_EXERCISE DESCRIPTION:_ Below are the records to retype. Keep every character exactly and leave out the pictures.

((

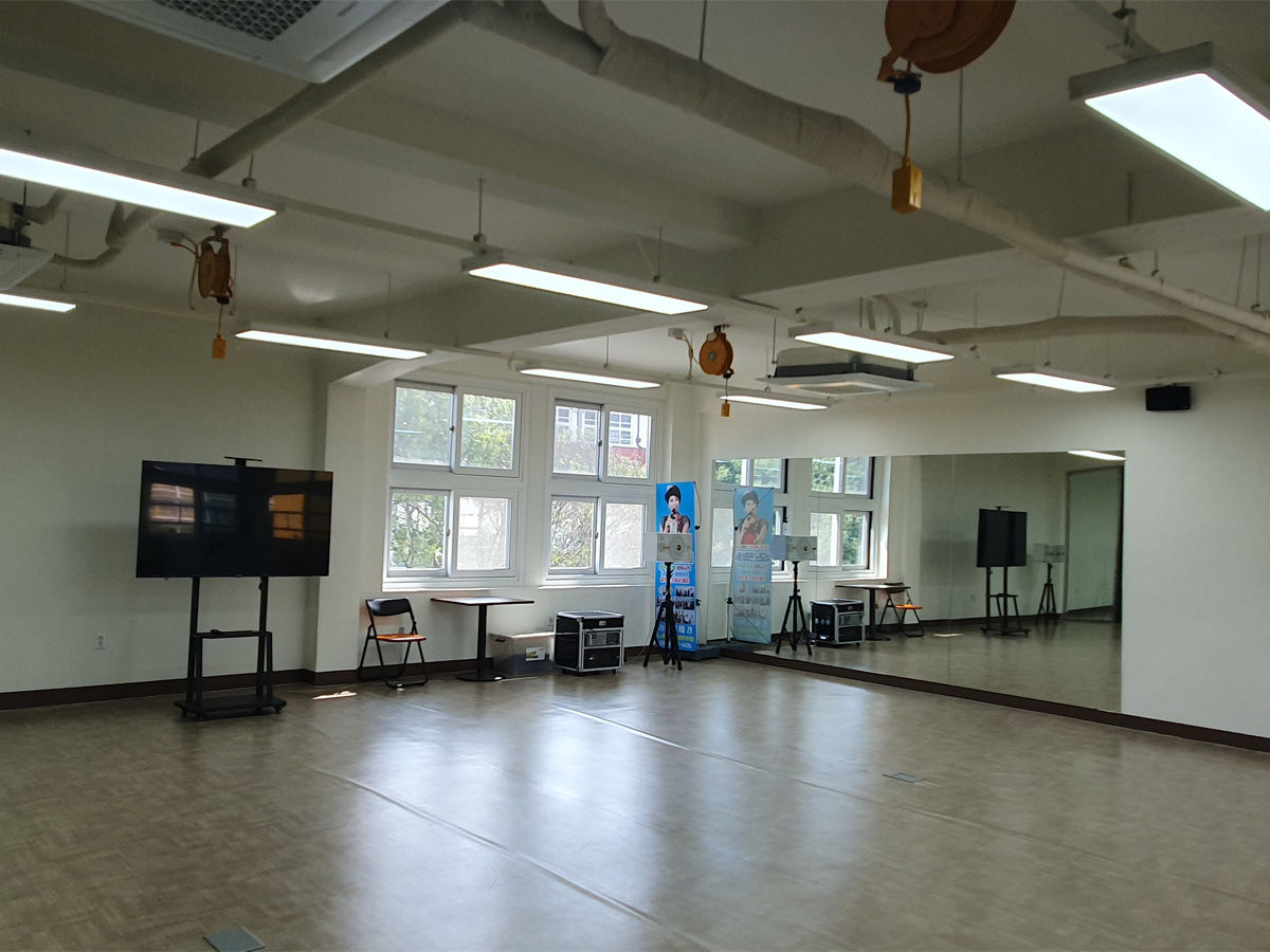 TV(노트북 연결가능), 벽면대형거울, 의자(16개), 간이테이블 2개, 무선마이크 2개, 스피커 1쌍
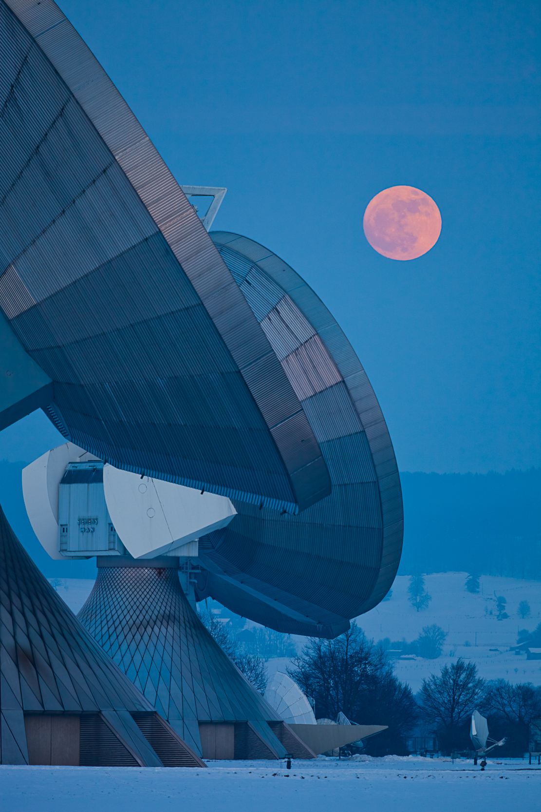 Bei recht frischen Temperaturen von -12 Grad Celsius erhob sich der Vollmond am 26. Januar 2013 langsam aus dem Bodendunst über die Antennen der Erdfunkstelle Raisting.
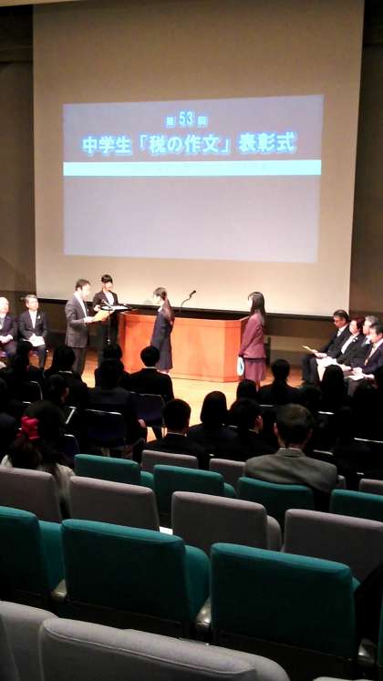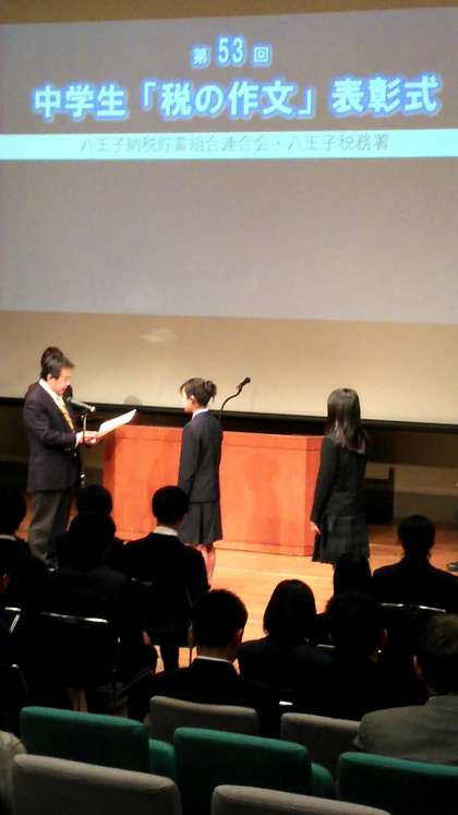 昨日行われた中学生「税の作文」表彰式の様子です。3名の3年生が受賞しました。おめでとうございます。
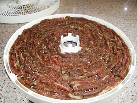 今回はトレイ3枚分のビーフジャーキー 仕上がったビーフジャーキーをお好みで
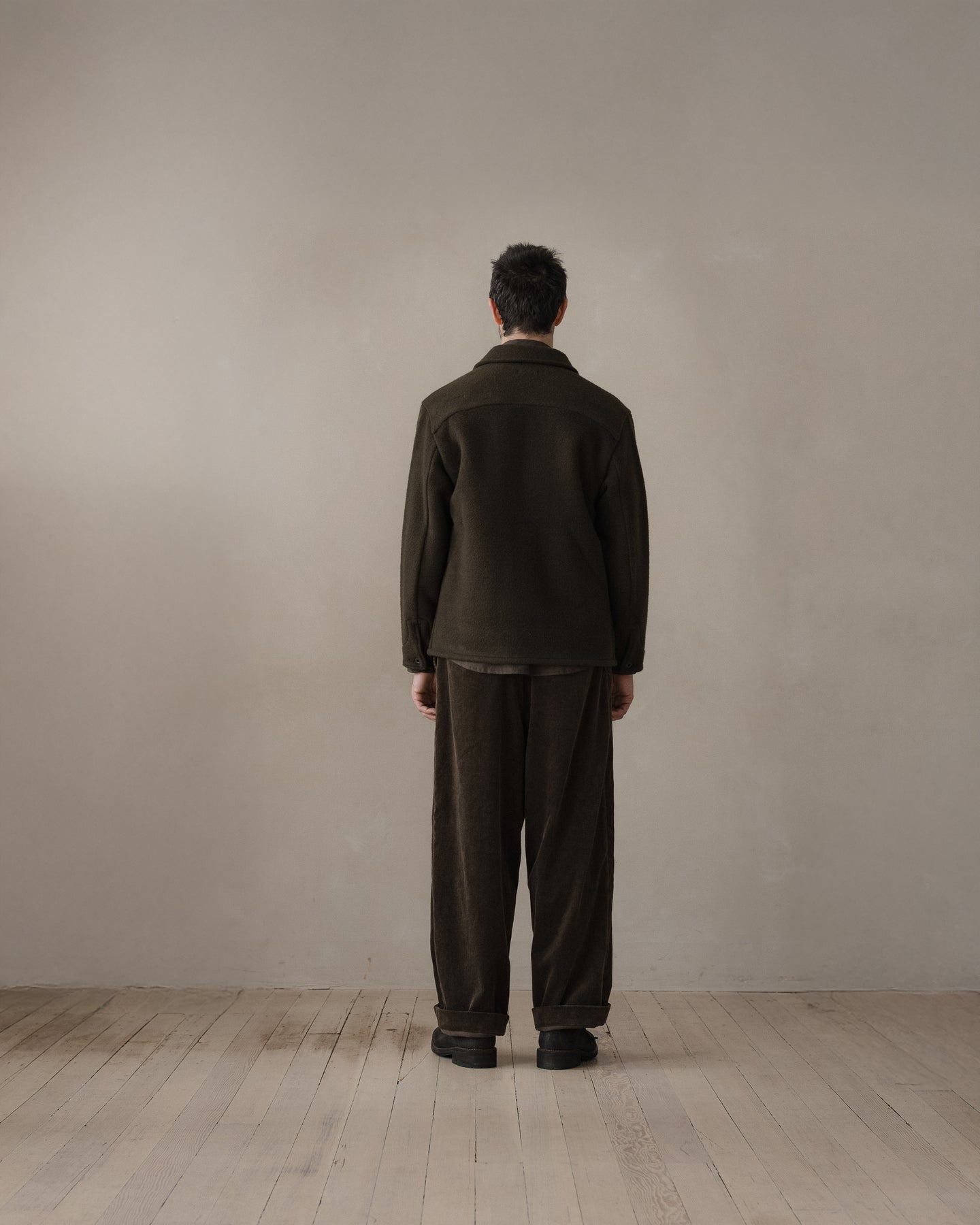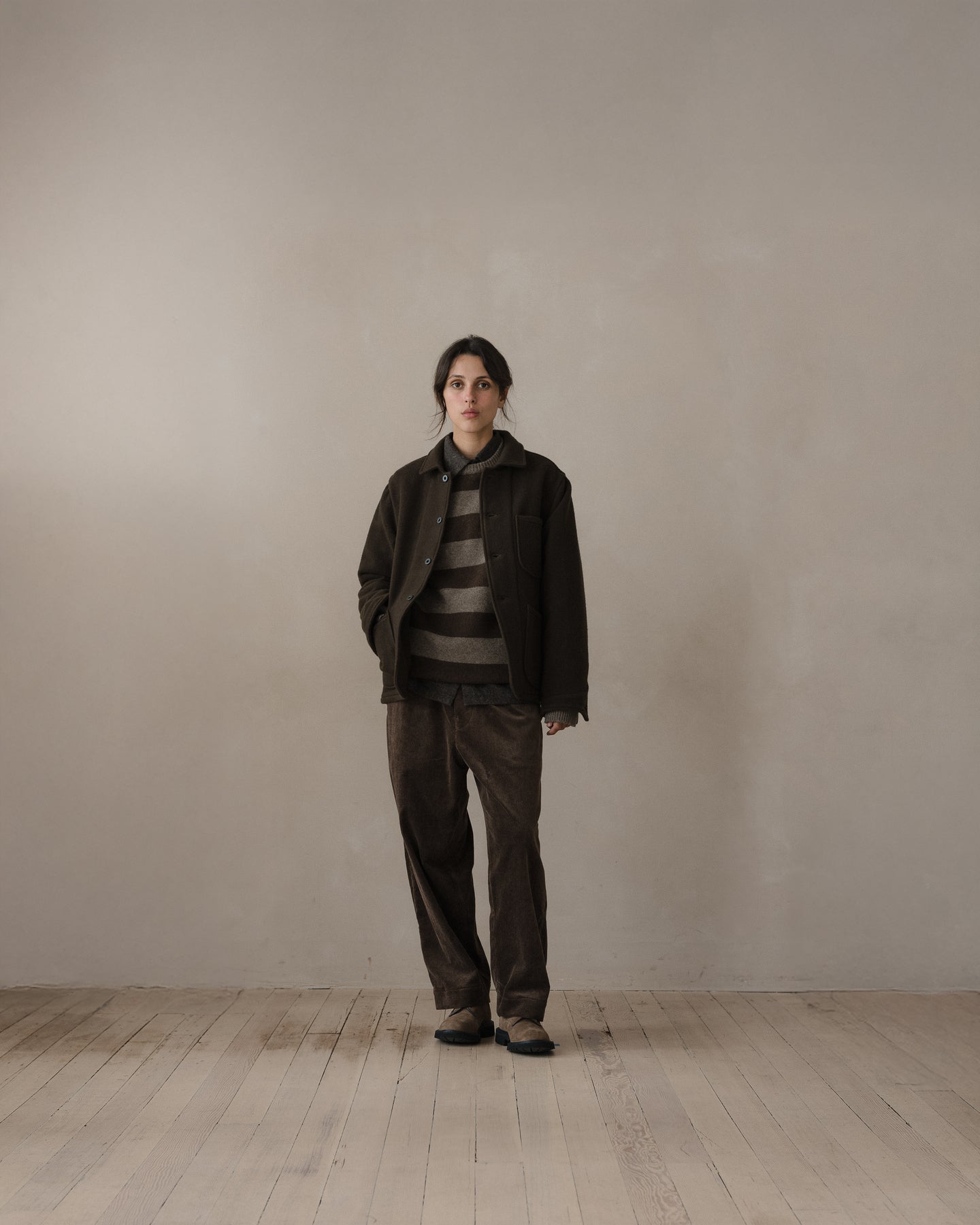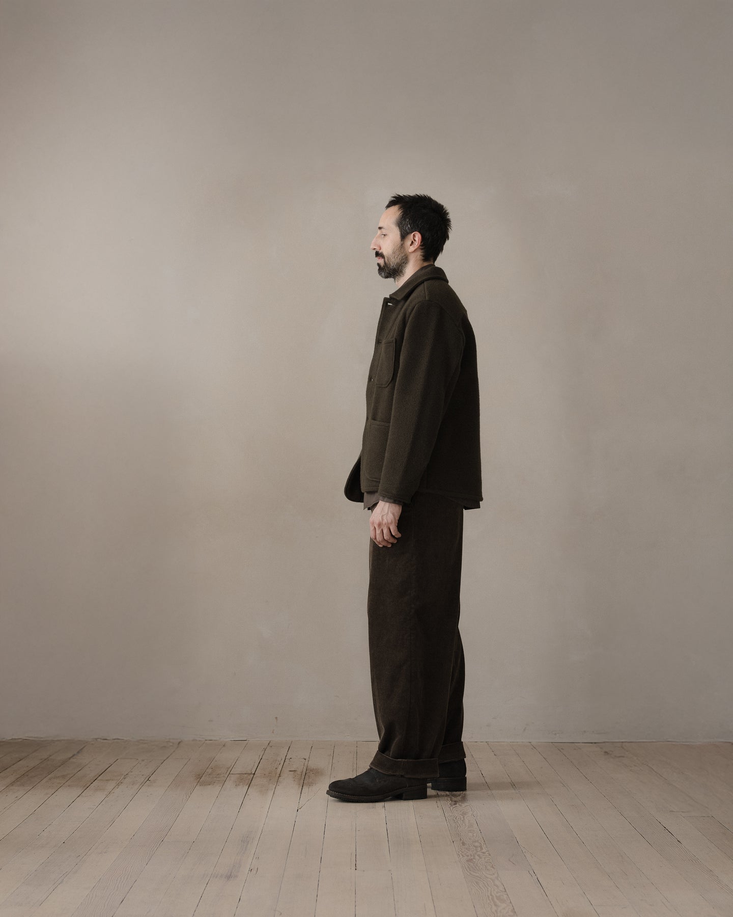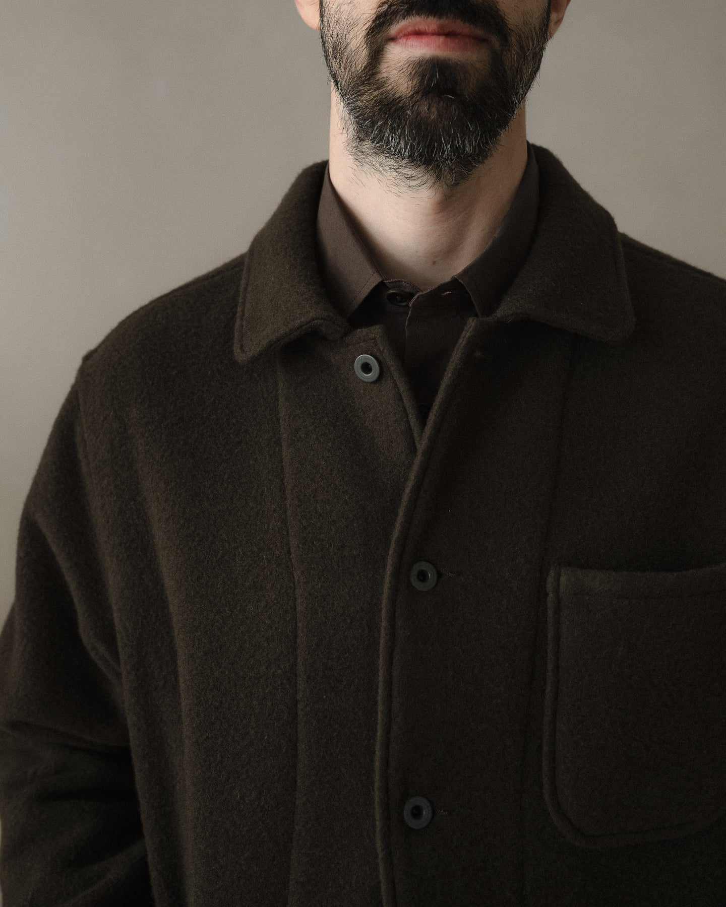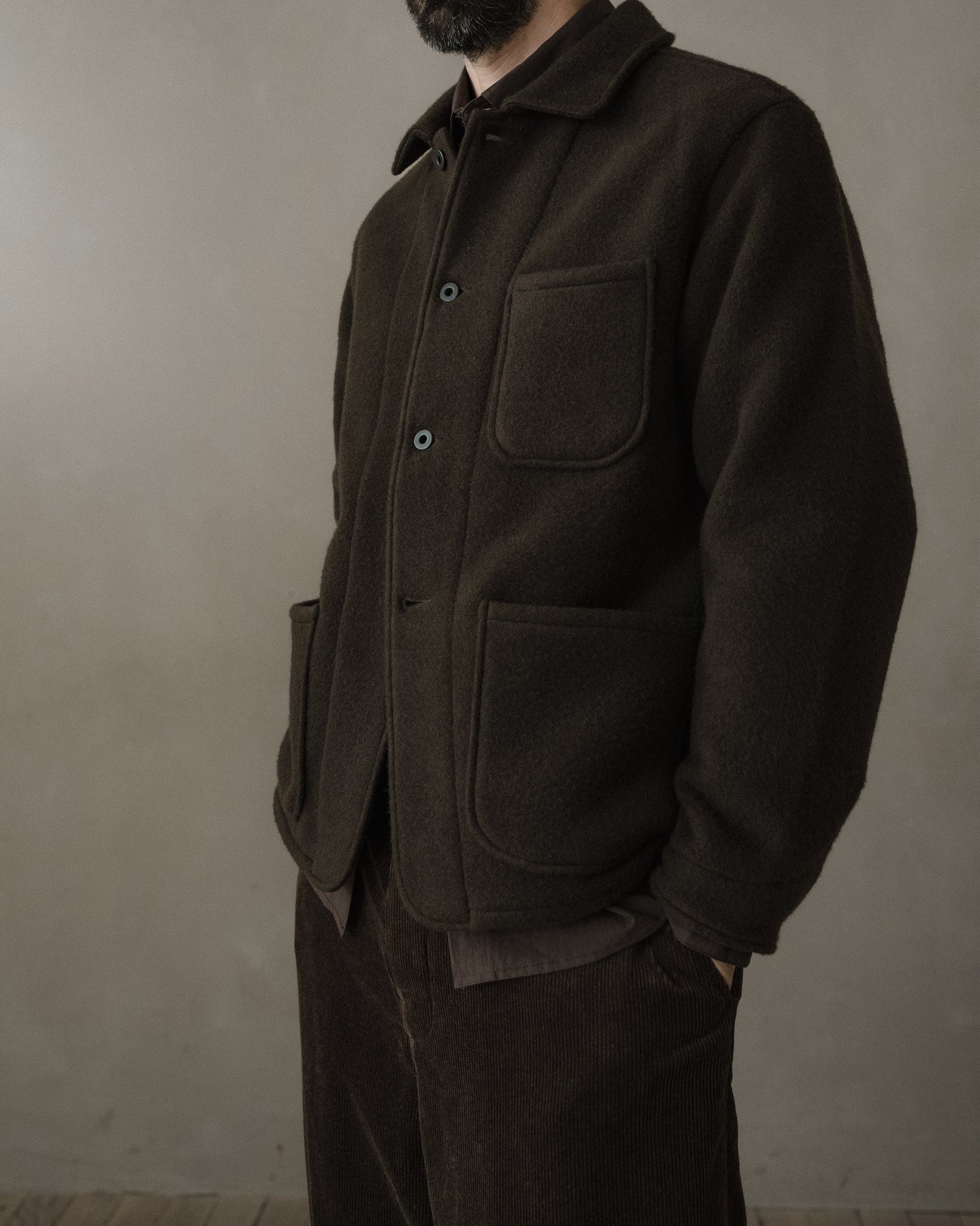 Originally developed around 30 years ago by a legendary textile designer based in Ichinomiya, Japan. This thick double-weave 'blanket cloth' features a cotton core surrounded by wool that is then heavily brushed on both sides. The resulting cloth is thick yet pliable and rather unstructured, with a very soft and lofty hand. Woven in Japan.

))

_PROBLEM SOLUTION:_
 TV(노트북 연결가능), 벽면대형거울, 의자(16개), 간이테이블 2개, 무선마이크 2개, 스피커 1쌍
 Bei recht frischen Temperaturen von -12 Grad Celsius erhob sich der Vollmond am 26. Januar 2013 langsam aus dem Bodendunst über die Antennen der Erdfunkstelle Raisting.
 昨日行われた中学生「税の作文」表彰式の様子です。3名の3年生が受賞しました。おめでとうございます。
 今回はトレイ3枚分のビーフジャーキー 仕上がったビーフジャーキーをお好みで
 Originally developed around 30 years ago by a legendary textile designer based in Ichinomiya, Japan. This thick double-weave 'blanket cloth' features a cotton core surrounded by wool that is then heavily brushed on both sides. The resulting cloth is thick yet pliable and rather unstructured, with a very soft and lofty hand. Woven in Japan.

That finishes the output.